National Archives Sends Founding Documents on Multi‑City Freedom Plane Tour for 250th Anniversary
The National Archives is sending some of the nation’s most important founding‑era records on a first‑of‑its‑kind 'Freedom Plane' tour starting Monday, March 2, 2026, as part of the United States’ 250th anniversary commemorations. Normally kept in tightly controlled vaults in Washington, D.C., items like the 1783 Treaty of Paris, the 1774 Articles of Association, 1778 Oaths of Allegiance signed by George Washington and Alexander Hamilton, a rare 1823 engraving of the Declaration of Independence and a draft U.S. Constitution with handwritten notes will travel by specially outfitted Boeing 737 to museums in at least eight cities, beginning at the National WWI Museum and Memorial in Kansas City. Admission to see the documents will be free, and early demand is strong, with Kansas City schools already booking visits for more than 5,000 students. The tour is one pillar of a crowded Semiquincentennial calendar that also includes mobile museums, a planned 'Great American State Fair' on the National Mall, and a White House‑backed 'Patriot Games' sports event featuring high‑school athletes and a UFC fight, coordinated between the congressionally chartered America 250 commission and the separate White House‑run Freedom 250 initiative. The overlapping efforts have already drawn some criticism in Washington as duplicative, but for local communities the traveling archives offer a rare chance to see primary documents that shaped the country without traveling to the capital.
📌 Key Facts
- The Freedom Plane tour begins March 2, 2026, departing Ronald Reagan Washington National Airport for Kansas City on a Boeing 737 carrying rare National Archives documents.
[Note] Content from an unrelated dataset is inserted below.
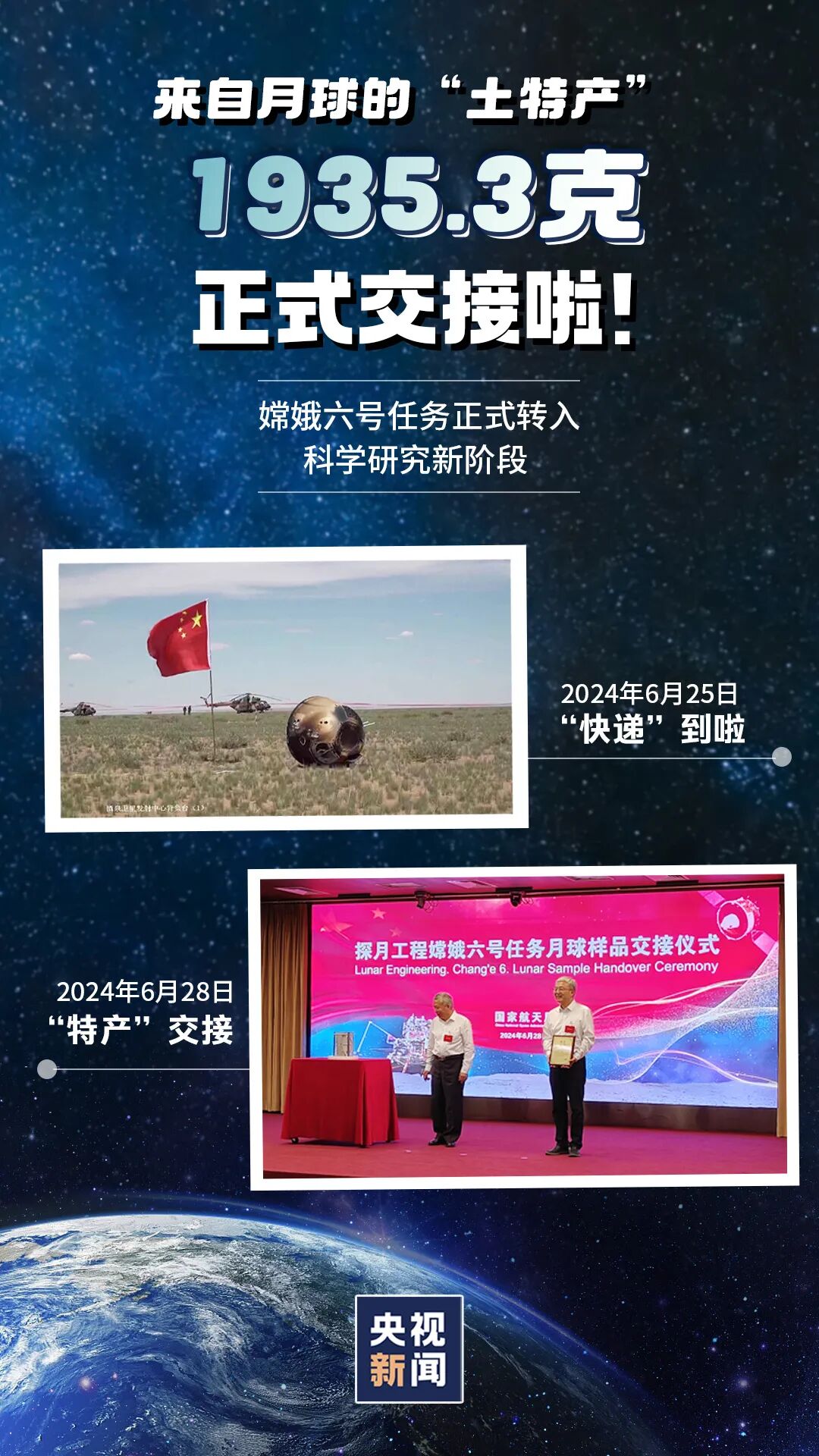 经初步测量,嫦娥六号任务采集月球样品1935.3克,在样品安全运输至月球样品实验室后,地面应用系统的科研人员将按计划开展月球样品的存储和处理,启动科研工作。这标志着嫦娥六号任务由工程实施阶段正式转入科学研究新阶段。
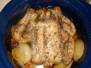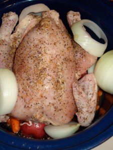 This recipe requires that an entire small chicken be put in the crockpot….I have to admit, this sounded pretty scary to me. So as I was doing some recipe-research, the very first recipe I found told me to put balls of foil on the bottom of the crockpot and then place the chicken on top and allow to cook for 8 hours on low…that sounds dangerous right? Or maybe it’s just me. I just pictured myself coming home to a house in flames, due to balls of foil…

- Documents include the 1783 Treaty of Paris, the 1774 Articles of Association, 1778 Oaths of Allegiance signed by George Washington and Alexander Hamilton, a draft Constitution with handwritten notes, and an 1823 engraved Declaration of Independence.
- Planned museum stops include Kansas City, Atlanta, Los Angeles, Houston, Denver, Miami, Dearborn (Michigan), and Seattle, with free public access and heavy school interest.
- The tour is part of a broader Semiquincentennial effort split between the congressionally chartered America 250 commission and the White House’s Freedom 250 initiative, which also features a proposed 'Patriot Games' and UFC event at the White House.